Akan tetapi, di antara semua hari yang ada ... mengapa harus hari ini kakek tua itu memberiku latihan yang sangat-sangat panjang? Berkatnya, aku harus bergegas sekarang!
Saat ini, Hutan Putih tengah diliputi keheningan yang tidak biasa. Tidak satu pun penghuni hutan terlihat dalam pandangan. Awalnya, keheningan itu membuatku bergidik. Namun, setelah mengetahui penyebab di balik keheningan yang mendadak itu, kini aku sangat menantikannya.
... Sebab, artinya gadis itu telah datang ke hutan ini, bukan?
Aku mempercepat lajuku, menerjang apa saja yang ada di hadapanku. Sudah tidak terhitung berapa kali aku terjatuh ke tanah dan bangkit setelahnya. Walau demikian, aku tidak berhenti.
Tersengal-sengal, aku menuju turunan terjal tersebut, tempat pertama kali aku melihatnya. Setibanya, dapat aku saksikan seluruh penghuni hutan telah berkumpul di dalam tempat tersebut dan seperti yang aku duga.
"... Aku terlambat!"
Di tengah sorak-sorai para makhluk tersebut, seorang gadis kecil bersurai cokelat sedang menundukkan tubuhnya, memberikan hormat penutup.
Seketika melihatnya, lututku langsung melemas. Setelah bersusah payah mengunjungi lembah tersebut, aku akhirnya hanya bisa jatuh terduduk di atas rerumputan--kecewa. Rupanya, aku sangat menantikan penampilan gadis tersebut.
Melepas semua kekecewaan dan kepenatan, saat ini, aku hanya bisa melihat gadis itu dari jauh. Dihujani sorak-sorai, gadis itu terlihat gembira--membuatku juga ingin dapat bergabung dalam kegembiraan tersebut.
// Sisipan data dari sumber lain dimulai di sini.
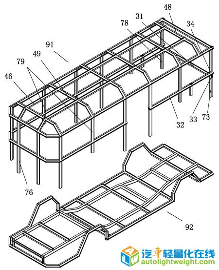 更多著录项目 【摘要】: 本实用新型属于汽车技术领域,具体涉及轻量化巴士车架,包括环绕于车头、车两侧和车尾的环形框,环形框分为车顶环形框、车腰环形框和车底环形框,车腰环形框在车门处留空,车底环形框在放置车轮处向上拱起以容纳车轮;车顶设有多条横梁跨接于车顶环形框的两侧框边之间,还设有纵梁跨接这各条横梁;车底设有多条横梁跨接于车底环形框的两侧框边之间,还设有纵梁跨接这各条横梁;车头、车两侧和车尾均设有多条竖梁跨接上述各个环形框;上述环形框为型材梁,上述各条横梁、纵梁、竖梁均为型材梁。本实用新型结构牢固,采用型材梁且无需过多的连接件,能够同时满足对轻量化、简单和安全的要求。 【附图】: 【主权项】: 轻量化巴士车架,其特征是:包括环绕于车头、车两侧和车尾的环形框,环形框分为车顶环形框、车腰环形框和车底环形框,车腰环形框在车门处留空,车底环形框在放置车轮处向上拱起以容纳车轮;车顶设有多条横梁跨接于车顶环形框的两侧框边之间,还设有纵梁跨接这各条横梁;车底设有多条横梁跨接于车底环形框的两侧框边之间,还设有纵梁跨接这各条横梁;车头、车两侧和车尾均设有多条竖梁跨接上述各个环形框;上述环形框为型材梁,上述各条横梁、纵梁、竖梁均为型材梁。 【法律状态】:

Akan tetapi, sudah jelas itu hal yang mustahil. Sebab, sudah berapa kali mereka menolak kedatanganku? Sudah berapa kali pula aku dikejar-kejar Mara serupa beruang yang selalu muncul di belakang gadis itu bagai sosok penjaga hutan? Hingga saat ini, aku pun masih bertanya-tanya mengapa aku bisa selamat dari serangan beruang tersebut.
Namun, kutahu alasan sesungguhnya terletak pada kehadiran gadis tersebut. Entah bagaimana, tak satu pun dari makhluk-makhluk itu yang menyerangnya. Ini terlihat seperti para penghuni Hutan Putih telah mengenalnya dan gadis itu juga telah mengenal mereka.
Lalu, apakah ini yang membuat gadis itu berbeda? Apakah ini alasannya mengapa gadis itu tidak terlihat takut ketika dikelilingi berpuluh-puluh pasang mata yang menyeramkan?
Usai penampilan gadis tersebut, satu demi satu penduduk hutan mulai meninggalkan lembah dan kembali ke dalam hutan, menyisakan gadis bersurai coklat itu seorang diri.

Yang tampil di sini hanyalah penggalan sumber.